I have an application which is running out of file descriptors, apparently by opening sockets, but I can't find out exactly what these sockets do. These appear in the lsof output as
java 9689 appuser 1010u sock 0,5 263746675 can't identify protocol
java 9689 appuser 1011u sock 0,5 263746676 can't identify protocol
java 9689 appuser 1012u sock 0,5 263746677 can't identify protocol
java 9689 appuser 1014u sock 0,5 263746678 can't identify protocol
java 9689 appuser 1015u sock 0,5 263746679 can't identify protocol
java 9689 appuser 1016u sock 0,5 263746681 can't identify protocol
and in /proc/$PID/fd as
lrwx------ 1 appuser appuser 64 Jun 23 11:49 990 -> socket:[263732085]
lrwx------ 1 appuser appuser 64 Jun 23 11:49 991 -> socket:[263732086]
lrwx------ 1 appuser appuser 64 Jun 23 11:49 992 -> socket:[263735307]
lrwx------ 1 appuser appuser 64 Jun 23 11:49 993 -> socket:[263732088]
lrwx------ 1 appuser appuser 64 Jun 23 11:49 995 -> socket:[263735308]
lrwx------ 1 appuser appuser 64 Jun 23 11:49 996 -> socket:[263735309]
lrwx------ 1 appuser appuser 64 Jun 23 11:49 997 -> socket:[263745434]
lrwx------ 1 appuser appuser 64 Jun 23 11:49 998 -> socket:[263745435]
lrwx------ 1 appuser appuser 64 Jun 23 11:49 999 -> socket:[263745436]
but there is no similar output in netstat -a
.
What are these sockets and how can I find out what they do?
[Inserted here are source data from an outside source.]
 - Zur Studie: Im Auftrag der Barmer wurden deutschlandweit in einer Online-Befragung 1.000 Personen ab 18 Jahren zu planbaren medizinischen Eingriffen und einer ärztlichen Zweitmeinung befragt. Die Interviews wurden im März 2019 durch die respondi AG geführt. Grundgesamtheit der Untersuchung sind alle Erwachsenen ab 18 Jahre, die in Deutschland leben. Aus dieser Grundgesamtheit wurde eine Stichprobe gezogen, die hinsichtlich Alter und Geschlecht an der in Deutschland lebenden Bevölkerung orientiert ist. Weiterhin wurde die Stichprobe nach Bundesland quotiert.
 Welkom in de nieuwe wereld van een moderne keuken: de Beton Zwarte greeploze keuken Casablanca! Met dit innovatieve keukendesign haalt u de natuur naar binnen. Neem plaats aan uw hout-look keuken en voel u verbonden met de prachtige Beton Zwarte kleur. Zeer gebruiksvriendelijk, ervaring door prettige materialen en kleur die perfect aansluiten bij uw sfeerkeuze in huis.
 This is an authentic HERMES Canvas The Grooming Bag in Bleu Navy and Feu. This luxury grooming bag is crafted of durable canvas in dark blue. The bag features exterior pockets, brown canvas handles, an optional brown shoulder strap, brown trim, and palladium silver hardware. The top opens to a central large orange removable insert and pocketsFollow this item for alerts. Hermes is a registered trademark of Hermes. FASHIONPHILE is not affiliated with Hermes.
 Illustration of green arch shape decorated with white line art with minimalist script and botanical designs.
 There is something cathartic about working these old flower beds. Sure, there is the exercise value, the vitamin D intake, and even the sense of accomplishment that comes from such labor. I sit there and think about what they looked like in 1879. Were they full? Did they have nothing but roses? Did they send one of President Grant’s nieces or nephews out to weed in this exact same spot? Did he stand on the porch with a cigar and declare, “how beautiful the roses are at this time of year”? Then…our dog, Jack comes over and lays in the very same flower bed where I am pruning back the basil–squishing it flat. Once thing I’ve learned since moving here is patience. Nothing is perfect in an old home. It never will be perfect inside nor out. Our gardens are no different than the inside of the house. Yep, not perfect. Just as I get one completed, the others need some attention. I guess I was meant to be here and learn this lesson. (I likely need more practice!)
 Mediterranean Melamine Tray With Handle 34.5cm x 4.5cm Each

Edit: I have tried running grep $SOCKET /proc/net
, as recommended in the lsof FAQ , where $SOCKET is for instance 263746679, but that gave no results either.
As background, the application is a container for multiple tasks which, amongst others, perform network calls. I need to single out the one which goes berserk, but until I find out who those sockets communicates with, I'm stuck.
This can occur if you create a socket, but never connect() or bind() with it. Your best bet may be to strace (-fF) the application, and then cross-reference with the output of lsof to determine which sockets are causing the issue. As a bonus method of debugging: if you wrap your socket calls with debugging information and write them out to /dev/null, it'll appear in strace without giving you hilariously-large log files.
Using Python, I have encountered the same problem on SSL sockets:
The solution was to unwrap the SSL layer before closing:
This closes the sockets properly in my app.
The first thing I would do is incrase if your file descriptor limit:
Next I would make sure your system is up to date, this includes all libraries and servers. Its possible that your Java application server is out of date (if you are using one). Its also a possibility that your application server is misconfigured, you should look at your configuration file and lower your
connectionTimeout
and/or yourmaxKeepAliveRequests
(I'm not sure what application server your using or if you are using one at all...).I'm not sure what this application does, but if you don't think it requires tens of thousands of sockets then this is almost certainly a "file descriptor leak" in your Java application. You may have to send a bug report to the vendor. In this bug report you should include information on how to recreate the issue.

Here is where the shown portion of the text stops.